ACTIVITY
Go to the line that contains "Пользовательские фотообои в", then write out that line and all that follow to the end of the listing, exactly and without pictures.

SUPPLIED INFORMATION
*****

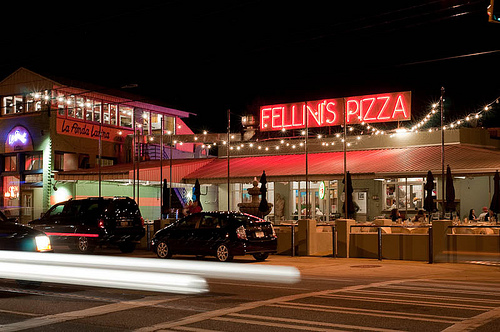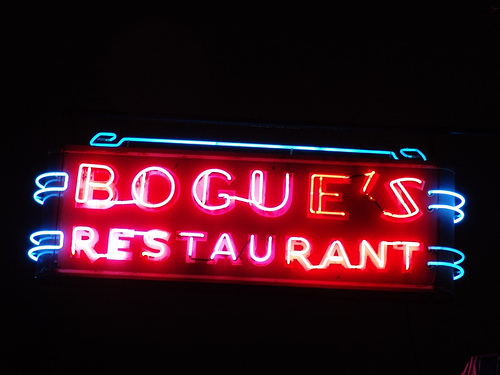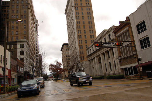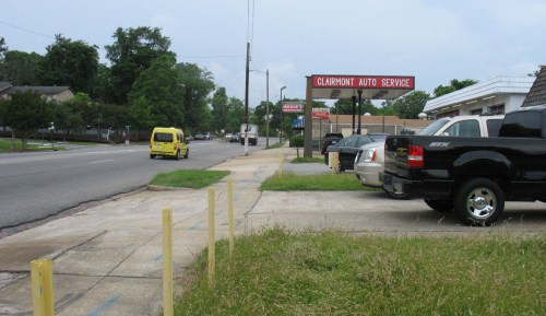 The largest issue here is not the architecture per se (although it’s important), but the site layout itself. Above is Clairmont Avenue, looking west from the Fire Station. Note all the setbacks along the street–except for Bogue’s, whose setback is perhaps 5 feet or so, all structures are placed back 10-30 feet from the front property line. This is due in part to the fact the street was initially laid out residentially, with houses, porches, and apartment buildings. And lawns.
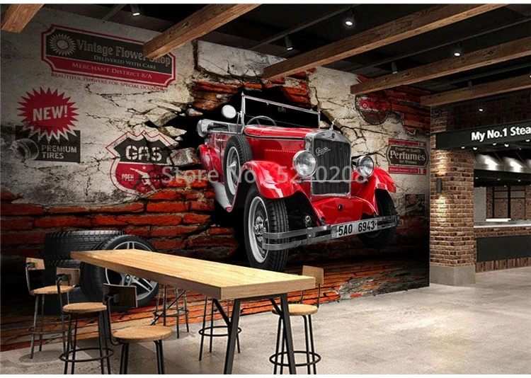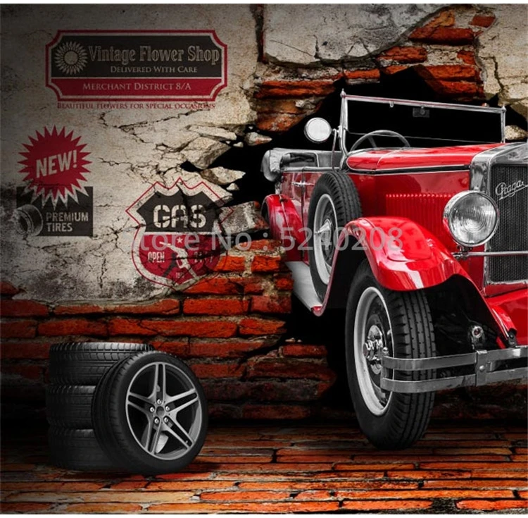 Пользовательские фотообои в стиле ретро красные автомобили сломанные стены фрески Ресторан кафе бар фон Настенный декор 3D водонепроницаемые утолщенные наклейки
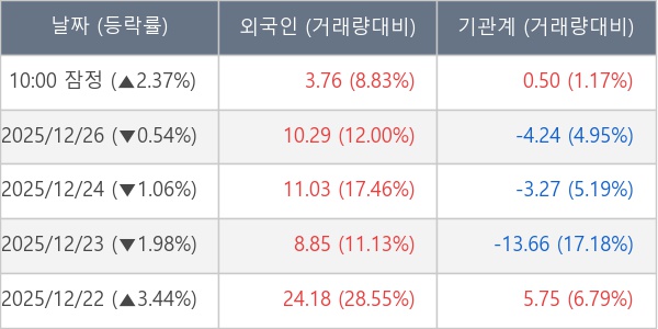 ※ 사모펀드 등 일부 기관의 순매매량은 표시되지 않음
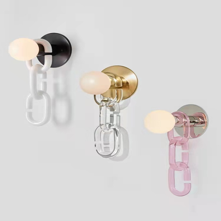 북유럽 스타일의 심플한 유리 구체 침실 침대 옆 벽등, 창의적인 디자이너 거실 서재 잠금 체인 LED 조명

*****

REPLY
 Пользовательские фотообои в стиле ретро красные автомобили сломанные стены фрески Ресторан кафе бар фон Настенный декор 3D водонепроницаемые утолщенные наклейки
 ※ 사모펀드 등 일부 기관의 순매매량은 표시되지 않음
 북유럽 스타일의 심플한 유리 구체 침실 침대 옆 벽등, 창의적인 디자이너 거실 서재 잠금 체인 LED 조명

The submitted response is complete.